Docker Friendly

Cloister is being developed with the drop-in support of Docker. Distributed Erlang is a charm to work with unless your DevOps team is engaged in containerizing the whole universe. They usually have many cryptic arguments full of words you as an old-school software engineer would barely understand, and sooner or later you are faced with a fact that now we run everything in a dockerized environment, which means no one can guarantee your application has an IP/DNS, or would not have automatically restarted depending on the current moon phase.

I am exaggerating a bit, but this is it: you cannot prepare the release hardcoding longnames in vm.args and/or env.sh anymore. You should be ready to handle spontaneous restarts of containers (and therefore your ErlangVM instances) gracefully. And you are probably still in a need to test it locally, as well as in containerized environment.

That is where cloister might step into to help. It takes care about the cluster handling, based on either the list of node names (IP/DNS, old school,) or a service name exposed by docker. It uses Application.start_phase/3 to ensure the cluster is started before letting the boot process to continue. It also provides a callback when the topology of the cluster changes (new node added, node shut down, etc.)

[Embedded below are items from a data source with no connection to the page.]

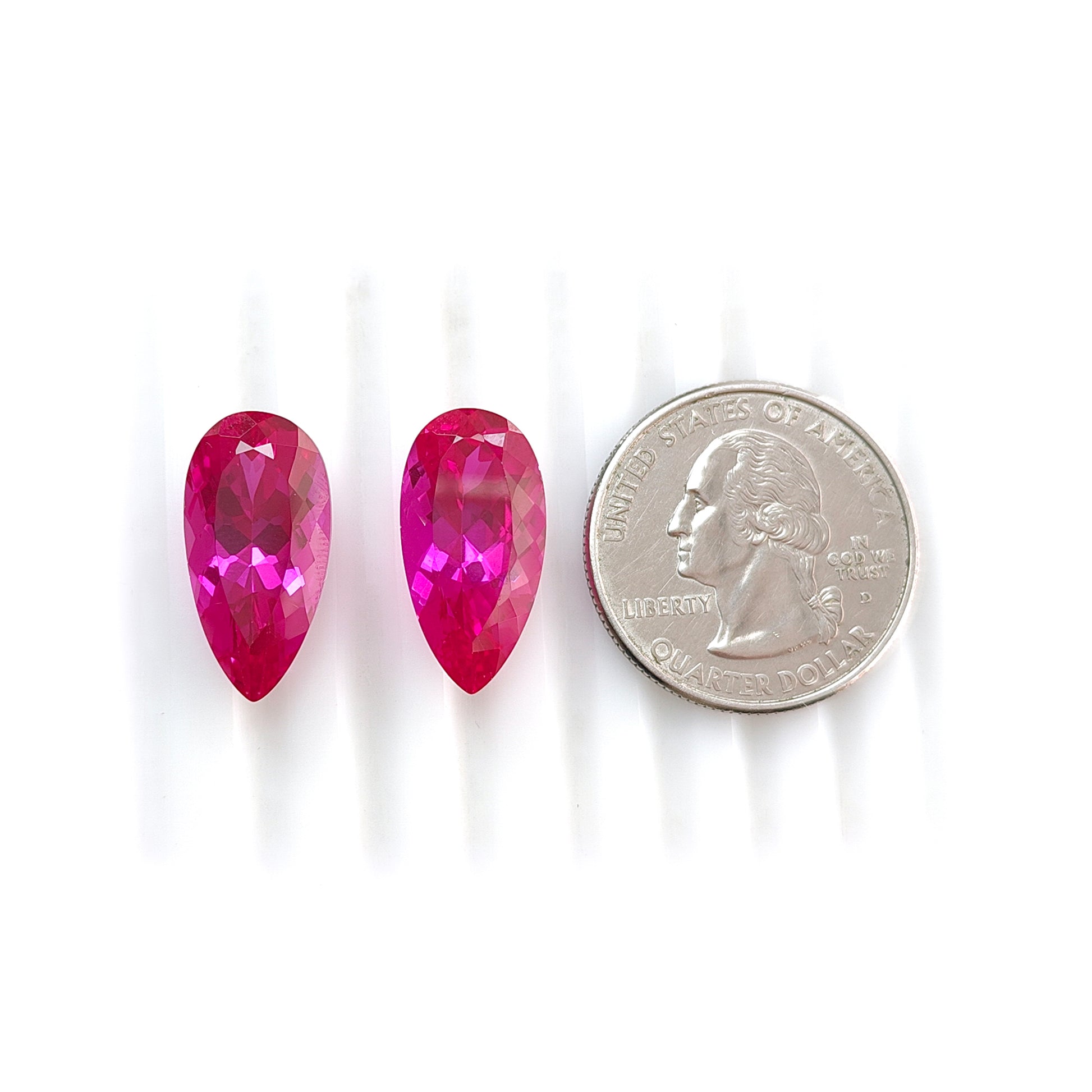 26.50cts Synthetic Manmade Pink Sapphire Gemstone Faceted Cut Pear Shape Pair
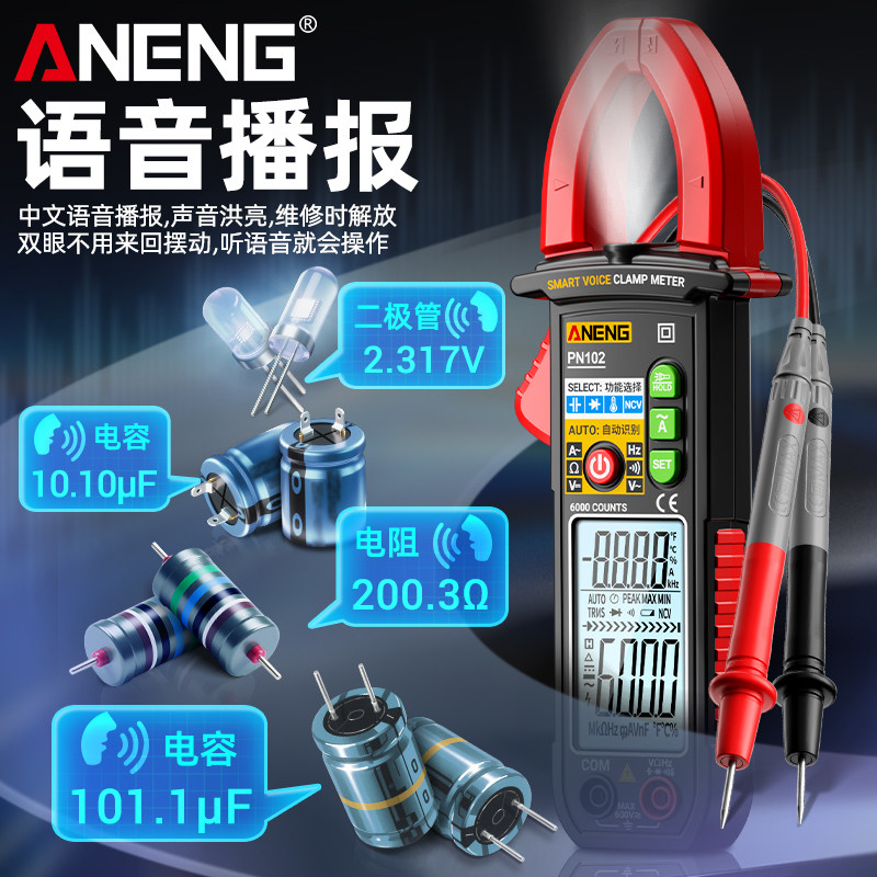 淘宝智能语音数字钳形表高精度多功能钳型电流表电工专用电容万能表
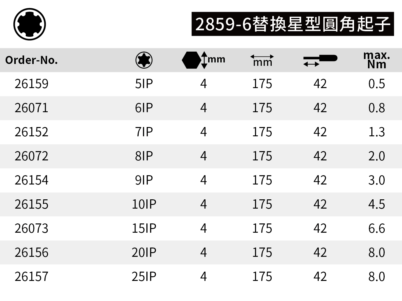 德國 Wiha 替換星型圓角防脫落起子 2859-6R
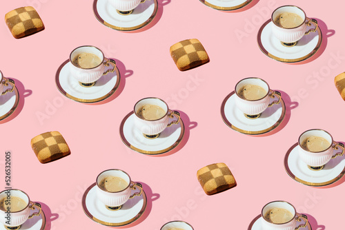 Coffee cups and cookies, creative pattern on pastel pink background.
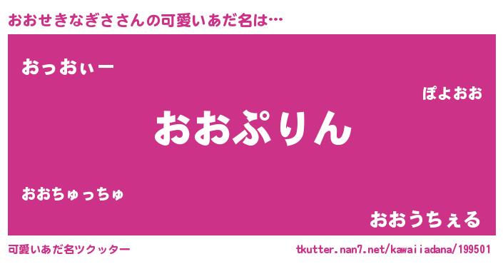 | 男性向けラノベタイトル風あだ名 | 『転生したらおおせきなぎさだった件』 |

Dev Environment, no Docker

All one needs to start playing with cloister is to add a dependency to mix.exs file and put some config:

config :cloister,
  otp_app: :cloister_test,
  sentry: ~w|node1@127.0.0.1 node2@127.0.0.1|a,
  consensus: 1

That config would instruct Cloister to use :cloister_test as the main OTP app and the name of the HashRing behind. It would expect nodes :"node1@127.0.0.1" and :"node2@127.0.0.1" to exist and it’ll try to connect to them, but as soon as it sees itself, and consensus parameter is set to 1, it won’t worry about others and report the successful cluster assembly.

:nonode@nohost startup


Test Environment, no Docker

To test the distributed environment outside of Docker, one might use test_cluster_task package that effectively starts the distributed environment before running tests. To use it, simply add {:test_cluster_task, "~> 0.3"} to the dependencies list of your application and use mix test.cluster or set the alias in mix.exs project:

def project do
  [
    ...,
    aliases: [test: ["test.cluster"]]
  ]
end

:"cloister_test_0@127.0.0.1" startup


Releases for Docker Environment

OK, now it’s time to add Docker to the equation. Cloister is smart enough to distinguish the list of node vs. the service name when passed to :sentry config option. When it’s an atom, Cloister will shut down the :net_kernel application and restart it in distributed mode. For that to work, one must explicitly specify export RELEASE_DISTRIBUTION=none in rel/env.sh.eex file for releases.

Our config would now look like:

config :cloister,
  otp_app: :cloister_test,
  sentry: :"cloister_test.local",
  consensus: 3

Here, :"cloister_test.local" is the name of service to be used for nodes discovery and at least three nodes up would be expected for it to pass the warming phase. The application startup chain would be blocked until at least three nodes are up and connected.

We would also need a Dockerfile which is the typical one, built from elixir:$ELIXIR_VERSION and with epmd -d explicitly started before the application itself. Also we’d need docker-compose.yml, declaring the service like below.

version: '3.1'

services:
  cloister_test:
    build: .
    networks:
      local:
        aliases:
          - cloister_test.local
    environment:
      - CLOISTER_TEST_CLUSTER_ADDRESS=cloister_test.local

networks:
  local:
    driver: bridge

Once done, one might build the composed image and start it with three instances of the application:

docker-compose build
docker-compose up --scale cloister_test=3 --remove-orphans

After some debug info, it’d spit out:

:"cloister_test@172.26.0.*" startup

All three instances are up and connected, ready to perform their work.


Tips and Tweaks

Cloister relies mainly on configuration because it’s started as a separate application before the main OTP application that uses it and relies on startup phases to block until the consensus is reached. For the very fine tuning, one might put :cloister into :included_applications and embed Cloister.Manager manually into the supervision tree. See Cloister.Application.start_phase/3 for the inspiration on how to wait till consensus is reached.

Also, one might start and manage HashRing on their own by setting :ring option in config. Cloister would expect the ring to be started and handled by the consumer application.

The whole configuration is described on Configuration page.